Try it →
Leave the pictures out. Retype exactly the lines below from the one containing "This gorgeous shimmering" through the one containing "with Gentle Waves", and no others.

Working data →
§ §
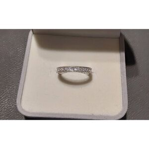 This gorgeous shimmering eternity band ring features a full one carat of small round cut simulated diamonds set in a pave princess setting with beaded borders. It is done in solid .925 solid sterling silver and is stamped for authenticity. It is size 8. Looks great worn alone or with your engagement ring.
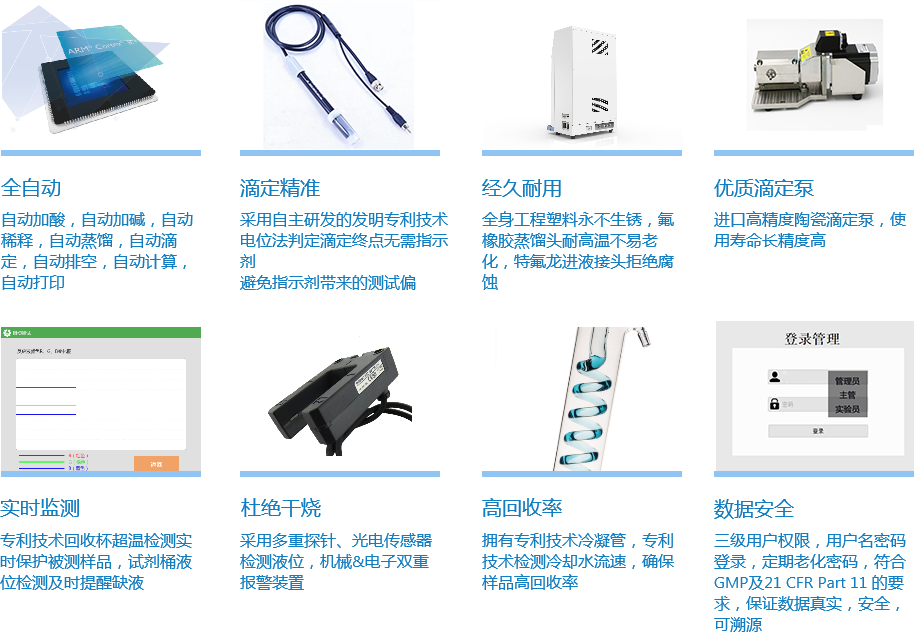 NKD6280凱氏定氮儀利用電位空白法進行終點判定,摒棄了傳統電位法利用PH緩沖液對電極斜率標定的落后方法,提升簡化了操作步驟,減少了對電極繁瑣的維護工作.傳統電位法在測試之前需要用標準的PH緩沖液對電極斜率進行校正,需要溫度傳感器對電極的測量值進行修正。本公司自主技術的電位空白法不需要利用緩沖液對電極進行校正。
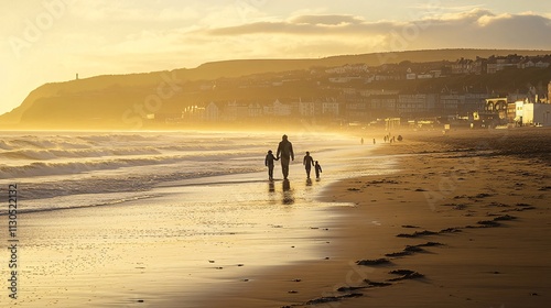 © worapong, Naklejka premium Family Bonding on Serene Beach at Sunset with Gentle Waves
§ §
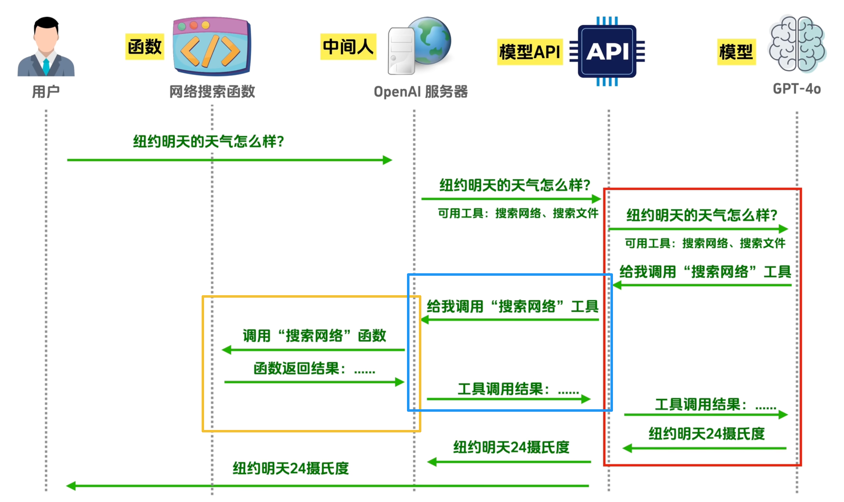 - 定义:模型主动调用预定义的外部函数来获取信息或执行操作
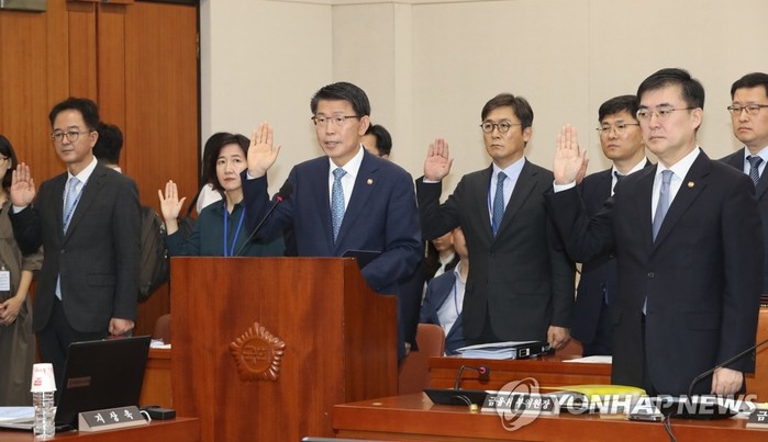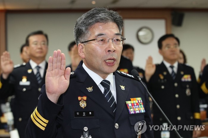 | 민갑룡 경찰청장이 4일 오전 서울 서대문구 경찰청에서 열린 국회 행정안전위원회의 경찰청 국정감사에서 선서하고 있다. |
§ §
Solution →
 This gorgeous shimmering eternity band ring features a full one carat of small round cut simulated diamonds set in a pave princess setting with beaded borders. It is done in solid .925 solid sterling silver and is stamped for authenticity. It is size 8. Looks great worn alone or with your engagement ring.
 NKD6280凱氏定氮儀利用電位空白法進行終點判定,摒棄了傳統電位法利用PH緩沖液對電極斜率標定的落后方法,提升簡化了操作步驟,減少了對電極繁瑣的維護工作.傳統電位法在測試之前需要用標準的PH緩沖液對電極斜率進行校正,需要溫度傳感器對電極的測量值進行修正。本公司自主技術的電位空白法不需要利用緩沖液對電極進行校正。
 © worapong, Naklejka premium Family Bonding on Serene Beach at Sunset with Gentle Waves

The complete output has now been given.